Прошлой ночью привиделось Томасильо, что он — только не теперешний, а взрослый, важный — восседает на балконе рядом с двумя богато одетыми людьми, бледным остробородым мужчиной в чёрном и дамой с узким властным лицом. Под балконом распахивалась площадь, побольше, чем Пласа Майор здесь, в родном Вальядолиде, и сплошь забитая народом. Середину площади отсекало каре солдат, а в самом центре на кучах хвороста стояли привязанные к столбам мужчины и женщины в дико размалёванных балахонах, в острых колпаках, — не менее дюжины трагических шутов. Вот судейский, закончив кричать текст из развёрнутого свитка, машет рукой, и люди тычут факелы в хворост… Но взрослому, седому Томасильо на балконе ничуть не страшно: наоборот, он скромно счастлив, душа полнится негой, — очищенные огнём, взойдут к Искупителю былые враги Христовы… Кто сказал, что он жесток — великий инквизитор Испании Томасо де Торквемада? Он полон любви деятельной; мукою временной он спасает души от огня вечного. И в этом согласны с Томасо сидящие рядом монархи, дон Фернандо и донья Изабель…
Бац! Пухлая лапа отца Ласаро снова встряхивает хлопком голову Томасильо, и мигом вылетают из неё отголоски ночного бреда, чтобы никогда не вернуться и не помешать жизни умного, волевого юноши из Вальядолида, будущего философа и энергичного участника Общего Дела.
…В то утро за восемьдесят вёрст от Тюмени, в селе Покровском, на затоптанный снег двора, на крутой сибирский мороз выскочил в одной рубашонке и опорках на босу ногу Гришка, малолетний сын мужика-пьяницы Ефима Новых. Собирался Гришка за амбар по малой нужде, да вдруг застыл, невидящими глазами глядя на лес в инее, подступавший к селу, на соседа, за изгородью по улице ехавшего куда-то в санях. Дивно было Гришке: сон — не сон блазнился ему сегодня, чертовня какая-то… вроде бы как он, уже большой, бородатый, в рубахе белой и добрых штанах, заправленных в смазные сапоги, идёт покоями красы несказанной, по узорному блестящему полу, неся на руках бледного мальчонку в матросском костюмчике. Идёт это он, Гришка, а мальчик доверчиво обнял его за шею; и кланяются в пояс встречные генералы, барыни в кружевах, и слуги в красных кафтанах растворяют высоченные резные двери. А позади спешит, шурша платьем, заламывая руки в перстнях, тревожная такая, тощая барыня, — чёрные дуги под глазами…

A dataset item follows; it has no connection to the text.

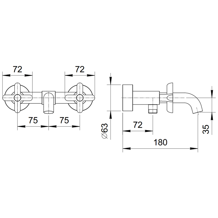 Смеситель для ванны Fantini Icona Classic 53 02 R015 Хром Fantini Icona Classic Смеситель для ванны, настенный, излив 180мм, с ручн.душем, цвет: хром
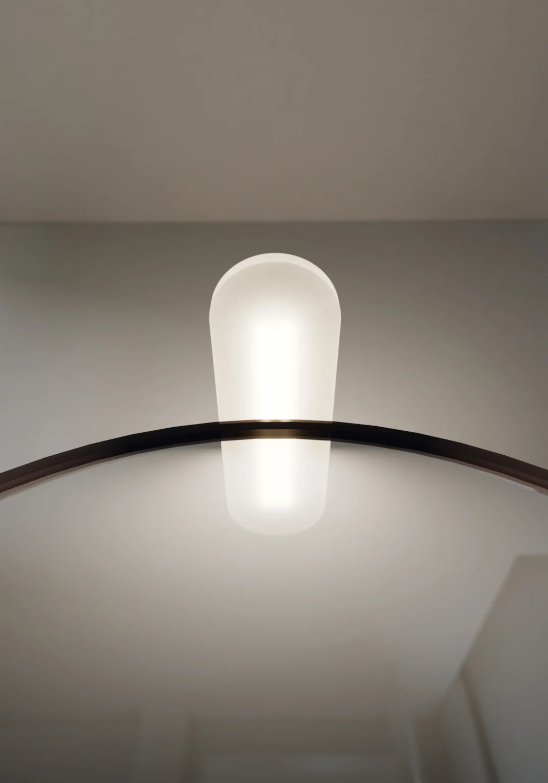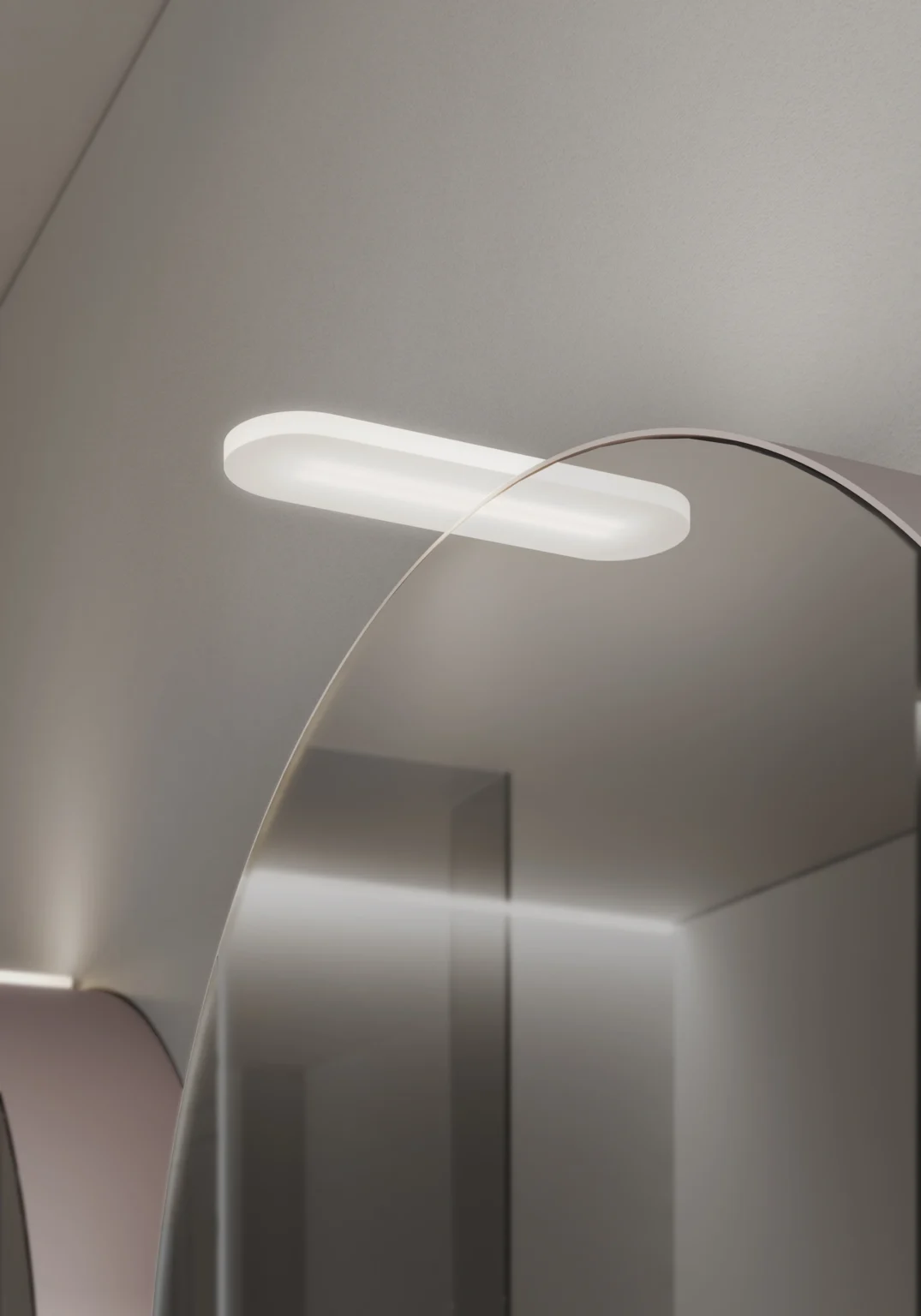 Lampada Muse in Metacrilato (con supporto in acciaio) installabile sulle specchiere contenitore Arena e Giotto. Dotata di illuminazione a LED. IP44 – 4000 K (a richiesta 3000 K)

Мотнул Гришка головой — привидится же! — и побежал своей дорогой, ведать не ведая, что никогда ему теперь не лакать царскую мадеру, не водить в баню графинь да фрейлин, не носить фамилию хлёсткую и срамную, будто надпись квачом на заборе: Распутин…
Многое ещё случилось в ту ночь и последовавший за ней день в умах и душах детей, некогда бывших взрослыми и опасными, словно сами Истинные Владыки. Но — всё в том дне и осталось. Вечер умиротворил беспокойных. Потом — забылось.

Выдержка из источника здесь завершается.